This section discusses the considerations behind the proposed approach and the threats to validity of this study.

5.1. Why we choose AST as the code representation form?

In order to capture the characteristics of the code, current research is mainly to learn the code by exploring different code Intermediate Representations (IRs). Token represents code lexical information, Abstract Syntax Tree (AST) is a representation form that includes code structure and grammatical information. Graph-based IRs such as Control Flow Graph (CFG) and Data Flow Graph (DFG) contain the control flow and data flow characteristics of the code. Different representation forms include different features from different views of the code. In recent years, many excellent studies based on those IRs have been carried out (Azcona et al., 2019; Mou et al., 2016; Feng et al., 2020; Ben-Nun et al., 2018). It is currently the mainstream method of program classification to distinguish codes of different categories (functions) by capturing code characteristics.
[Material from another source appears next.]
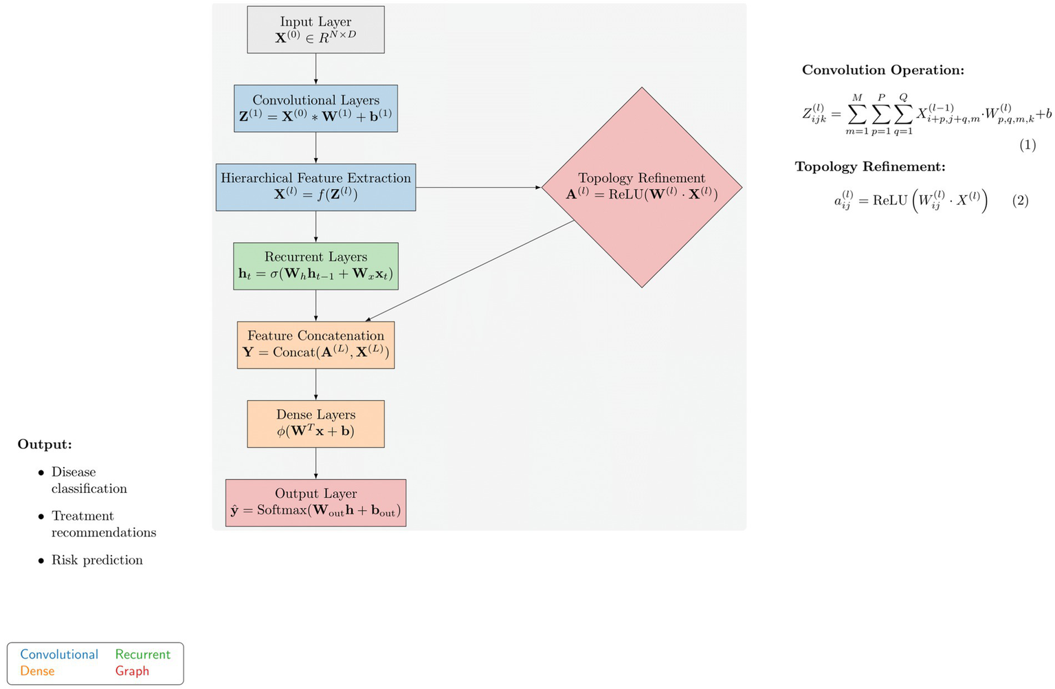 The ImmunoNet architecture is designed to process multi-source data, including genetic, clinical, and molecular information. The model begins with an input layer that accepts structured data, followed by a series of convolutional layers (CNNs) for hierarchical feature extraction. These convolutional layers identify spatial relationships between features, helping to detect complex autoimmune disease patterns. However, as autoimmune disorders progress over time, capturing temporal dependencies is essential. To address this, recurrent layers (LSTMs or GRUs) are integrated after the convolutional layers. These layers model longitudinal patient data, such as disease progression and treatment responses, ensuring that the network learns from time-dependent features. Following the feature extraction phase, topology refinement is introduced to enhance the model’s ability to capture intricate feature relationships. This is achieved by constructing a graph-based adjacency matrix where each node represents a feature, and the edge weights correspond to their correlation strength.

For the intermediate representation of the code, we have a variety of options, token, AST or graph-based forms (such as CFG, DFG). For the token, it only contains the information of the lexical level of the code, and the program classification is based on the function implemented by the code (i.e., the semantic level), so the token is not the best choice. As for graph-based representations, although some control information they contain can describe the semantics of the code, it is not easy to generate the graph of multiple languages, and the cost of training a pure graph model is high. While AST is relatively easy to generate for most programming languages. And as a tree structure, AST is easier to traverse. So we finally decide to use AST as our code representation.

5.2. Why does UAST work?

The essential difficulty of cross-language program classification is to learn the semantic features of codes implemented in different programming languages. This model achieves such excellent performance on cross-language program classification mainly due to two mechanisms (unified vocabulary and unified AST feature fusion) in it. The unified vocabulary reduces the differences between different programming languages, making it more effective for cross-language classification. The fusion mechanism fuses the learned code features of global and local information to capture the semantics of the code leading the classification performance better.

5.3. Threats to Validity

There are two types of threats to this study, and accordingly, we have made efforts to mitigate those threats to validity.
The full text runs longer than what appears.